__BRIEF__
Beginning at the line that holds "Multicolored Skull Print" and continuing to the last line of the data below, transcribe every line word for word, without pictures.

__SOURCE MATERIAL__
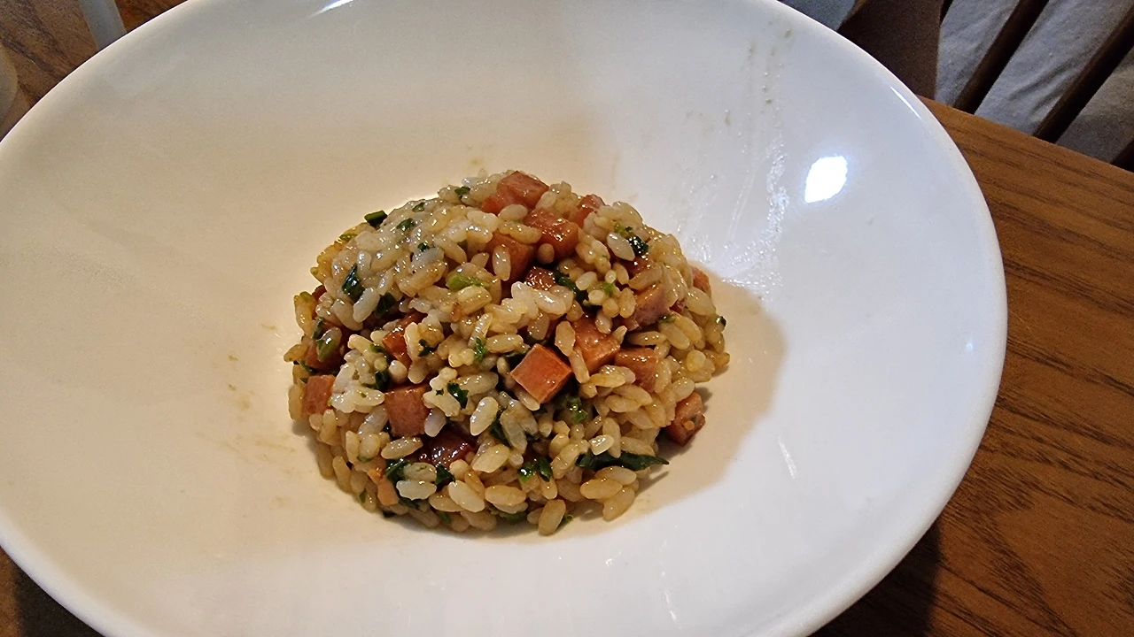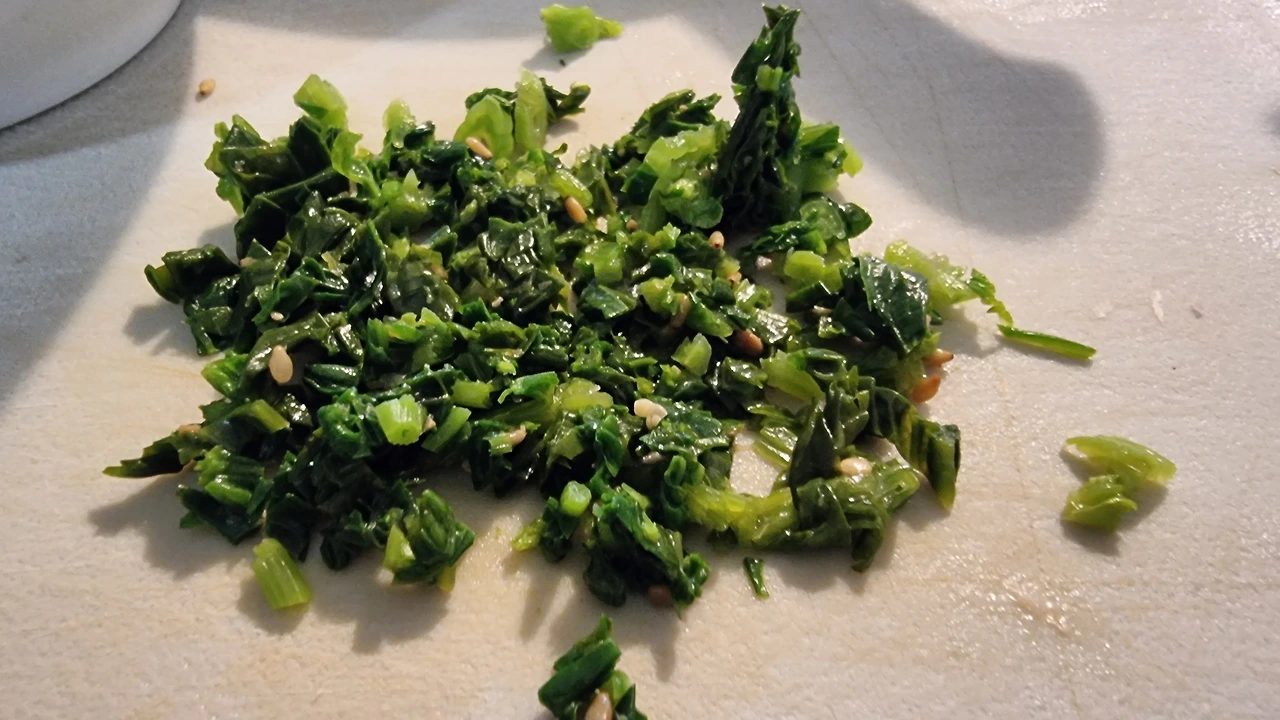 아내가 운동하러 간 사이 작전이 개시되었다. 시금치를 잘게 썰어 먹기 좋게 다듬고, 스팸을 구웠다.
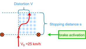 The braking test is expanded upon for multitrack vehicles by braking on different friction surfaces. This test is done at a velocity of 25 km/h. The previously mentioned paper tests the braking on ice, but this is too difficult to set up. The braking test will be performed on the pavement on one side. The other side is driven on loose gravel, steel sheets, polished concrete or low friction tape around one tire to obtain a friction coefficient below 0.15 [20]. The difference in friction will cause a different braking reaction on the left and right wheels. Distortion after braking is measured to examine the stability of the vehicle during an emergency brake as seen in Figure 6.
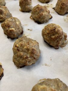 - Using a 2 tablespoon scooper or spoon, scoop meatball mixture and roll between your hands to form a (1½-inch) golf ball-size round meatball. Place on the prepared parchment-lined baking sheet and bake for 12-15 minutes, until lightly browned. Do not overbake!
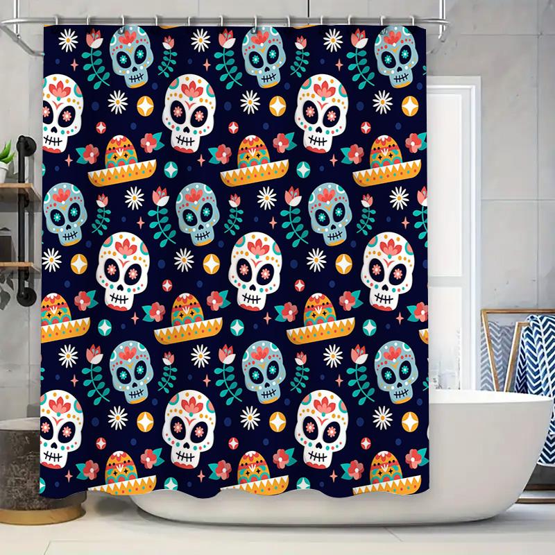 Multicolored Skull Print Shower Curtain for Bathroom Decor Blue Floral Design Polyester Fabric Water Repellent Waterproof Home C
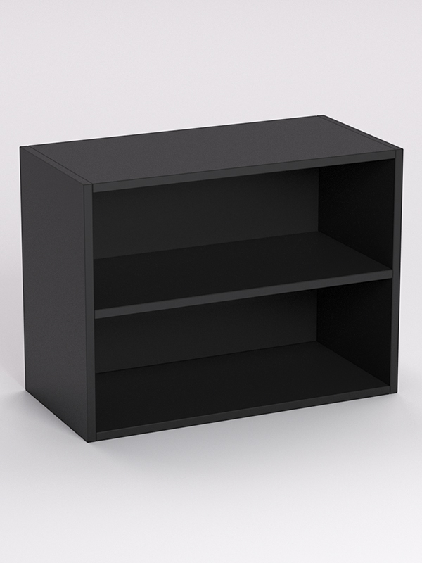 Стеллаж представляет собой открытый квадратный шкаф, с полкой в центре.
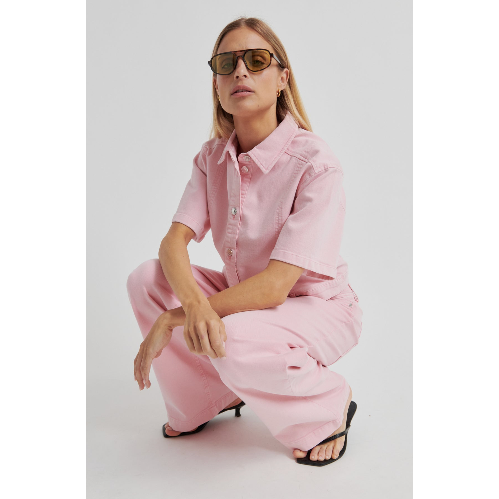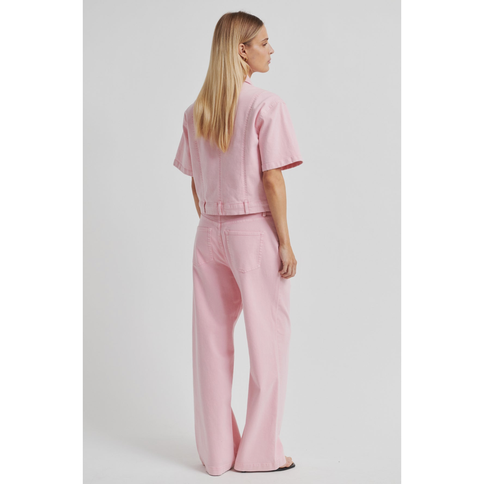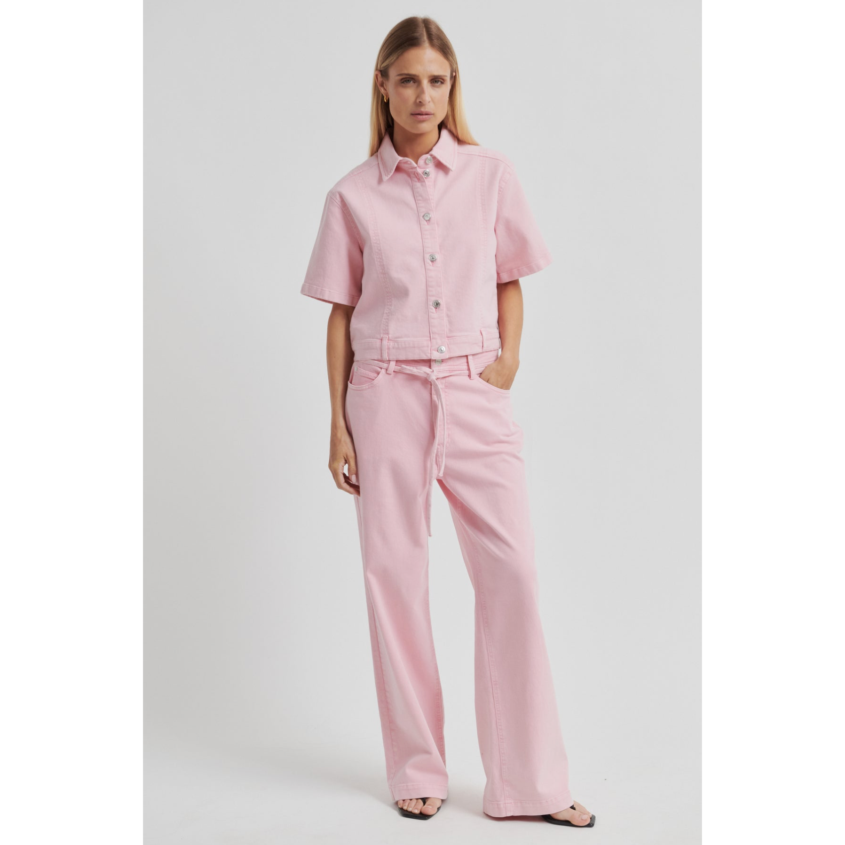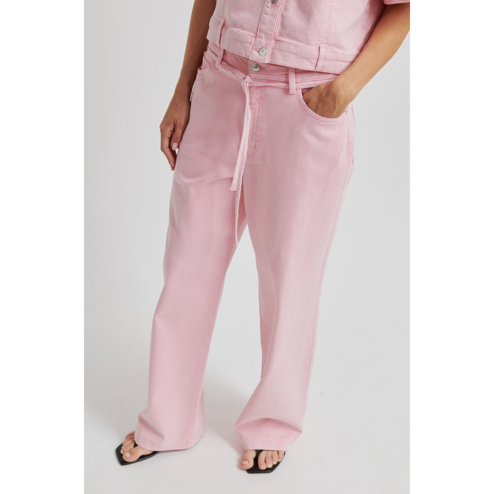 These jeans feel both playful and polished. The pink tone adds something a little different, while the wide-leg shape keeps them feeling current and easy to style. The tie belt detail gives added definition at the waist.

__THE COMPLETED TASK__
 Multicolored Skull Print Shower Curtain for Bathroom Decor Blue Floral Design Polyester Fabric Water Repellent Waterproof Home C
 Стеллаж представляет собой открытый квадратный шкаф, с полкой в центре.
 These jeans feel both playful and polished. The pink tone adds something a little different, while the wide-leg shape keeps them feeling current and easy to style. The tie belt detail gives added definition at the waist.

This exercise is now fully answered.